Unconventional gas-phase synthesis of biphenyl and its atropisomeric methyl-substituted derivatives

Abstract

The biphenyl molecule (C₁₂H₁₀) acts as a fundamental molecular backbone in the stereoselective synthesis of organic materials due to its inherent twist angle causing atropisomerism in substituted derivatives and in molecular mass growth processes in circumstellar environments and combustion systems. Here, we reveal an unconventional low-temperature phenylethynyl addition–cyclization–aromatization mechanism for the gas-phase preparation of biphenyl (C₁₂H₁₀) along with ortho-, meta-, and para-substituted methylbiphenyl (C₁₃H₁₂) derivatives through crossed molecular beams and computational studies providing compelling evidence on their formation via bimolecular gas-phase reactions of phenylethynyl radicals (C₆H₅CC, X²A₁) with 1,3-butadiene-d₆ (C₄D₆), isoprene (CH₂C(CH₃)CHCH₂), and 1,3-pentadiene (CH₂CHCHCHCH₃).
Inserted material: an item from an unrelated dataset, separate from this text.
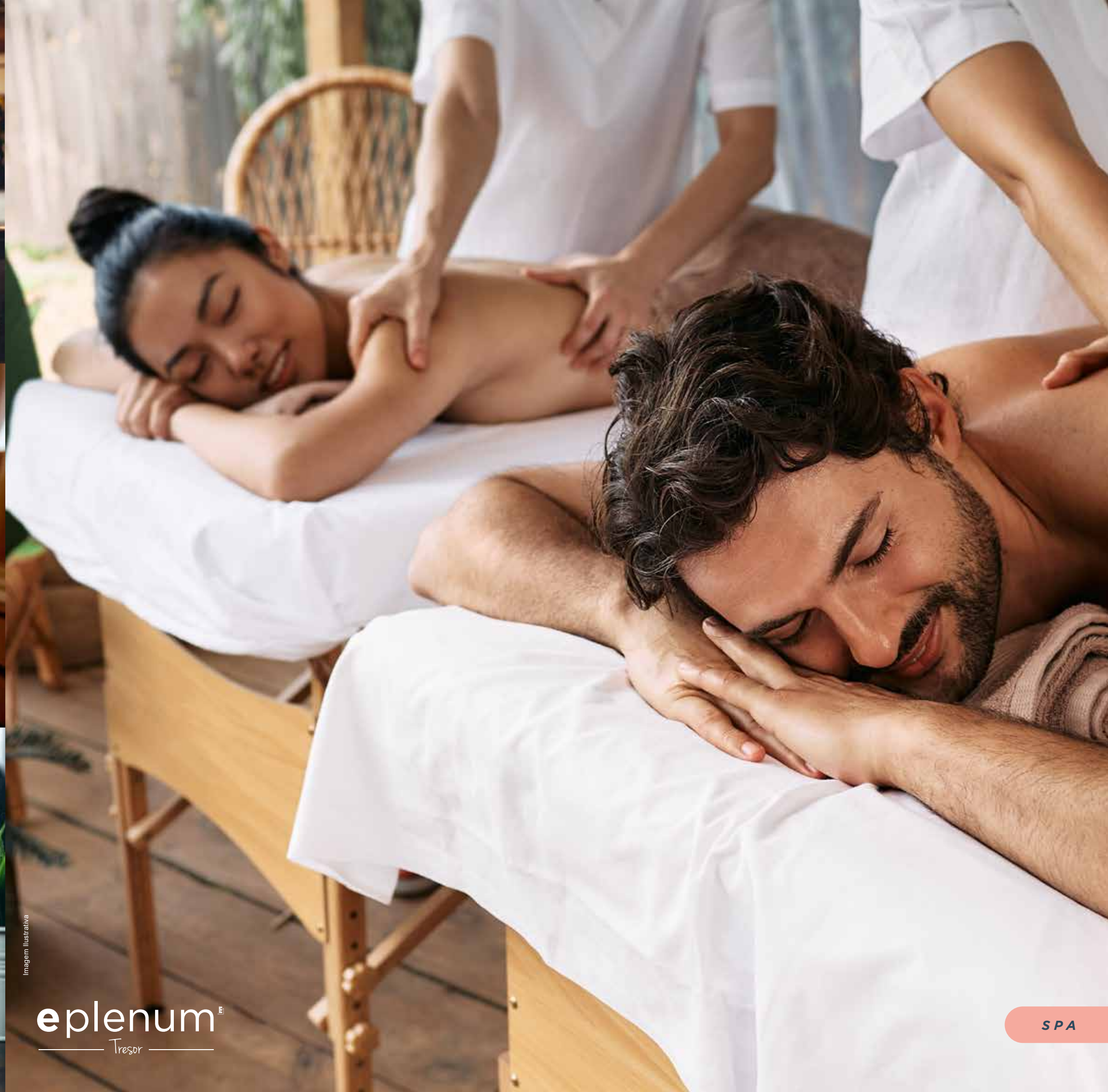
eplenum ™ — Tresor —

The dynamics involve de-facto barrierless phenylethynyl radical additions via submerged barriers followed by facile cyclization and hydrogen shift prior to hydrogen atom emission and aromatization to racemic mixtures (ortho, meta) of biphenyls in overall exoergic reactions. These findings not only challenge our current perception of biphenyls as high temperature markers in combustion systems and astrophysical environments, but also identify biphenyls as fundamental building blocks of complex polycyclic aromatic hydrocarbons (PAHs) such as coronene (C₂₄H₁₂) eventually leading to carbonaceous nanoparticles (soot, grains) in combustion systems and in deep space thus affording critical insight into the low-temperature hydrocarbon chemistry in our universe.